Results are based on 12,862 people with MS (pwMS) (55.4% of the included pwMS) with ⩾ 5 years of follow-up.

Symptomatic drugs: products to treat migraine, sexual dysfunction, dystonia, neuropathic pain, tremor, epilepsy, enuresis, skeletal muscle relaxants, benzodiazepines and antidepressant drugs.

Comorbidity: diabetes mellitus, chronic lung disease (chronic obstructive pulmonary disease and asthma), inflammatory bowel disease, RA, psoriasis, kidney disease (chronic kidney disease, nephritis, renal hypertensive disease and cystic kidney disease) and cardiovascular risk factor (hypertension, hyperlipidaemia, myocardial infarction, stenting or coronary artery bypass, arrhythmia, valvular disease, heart murmurs, cardiomegaly and congestive heart failure).

Discussion

Over the past two decades, pwMS had a consistently higher risk of infections than the general population. Of the five types of infection studied, the UTI rate increased most notably after index date among pwMS compared with the general population and pwRA. The large variation between pwMS in infection rates after MS diagnosis signals a burden on specific pwMS who experience multiple or recurrent infections. This may be of particular concern to women, and pwMS who, during the year before MS diagnosis, experienced at least one infection or were prescribed a symptomatic drug at least once.

Overall infection rates among pwMS have remained stable over the past 20 years. The rate of any infection was 1.51 times as high in pwMS as in the general population, similar to estimates from previous studies.^6,7 The UTI rate among pwMS was 2.80-fold the rate among the general population, which was higher than previously reported. This may be due both to the sensitive approach to UTI ascertainment in this study, as not only diagnoses but also symptoms and tests followed by antibiotic prescription were used, and to the inclusion of all episodes of UTI during follow-up rather than only the first after index date.

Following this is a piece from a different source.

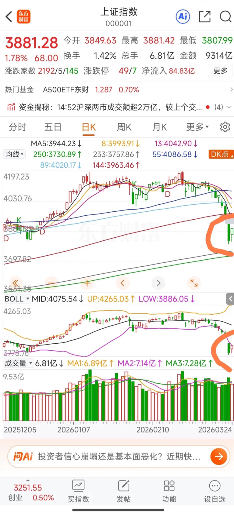盘中点评提示文章写完之后,我就该忙啥忙啥,该干啥干啥了,基本没有看行情,到了午盘收盘的时候,看了一下大盘的走势,午盘收在3849点,仍然在正常运行当中,也没出乎我的意料之外,我都要大家躺平了,午评也就没什么要谈的了,所以今天午间就没有再做午评,后面也看了一下评论区,还有粉丝问我能不能补仓的事,我都要大家先躺平到3957点,你说可以补仓不?这不是很明显的事吗?还用回答吗?如果信任我,今天下午还到过3830点之下,也是今天的次低点哟。

The UTI rate increased 1.02-fold per year of the study period among pwMS and the general population, in line with findings among older (⩾65 years) people seen in the UK primary care,¹⁶ and increasing rates of nitrofurantoin and trimethoprim prescriptions to people aged 25–84 years in the UK.³¹

Rates of RTI, SSTI and UTI among pwMS were higher than general population already during the 5 years before index date, and the UTI rate during the 5 years after MS diagnosis was 2.24-fold the rate during the 5 years before. Previous studies have also reported increased susceptibility to infections among pwMS up to 1–5 years pre-index date,^32,33 which may result from underlying MS disease in the prodromal phase. Both pwMS and pwRA were more susceptible to infections after index date. Possible causes of the increased infection risk among both pwMS and pwRA include the underlying disease process, physicians’ heightened awareness of infection risk and treatment: DMTs for MS, and biologic and targeted-synthetic disease-modifying antirheumatic drugs for RA. Disease-specific functional limitations may partly explain infection patterns: urinary system dysfunction due to MS disease progression may contribute specifically to the UTI rate among pwMS, while rheumatoid lung disease may contribute to the RTI rate among pwRA.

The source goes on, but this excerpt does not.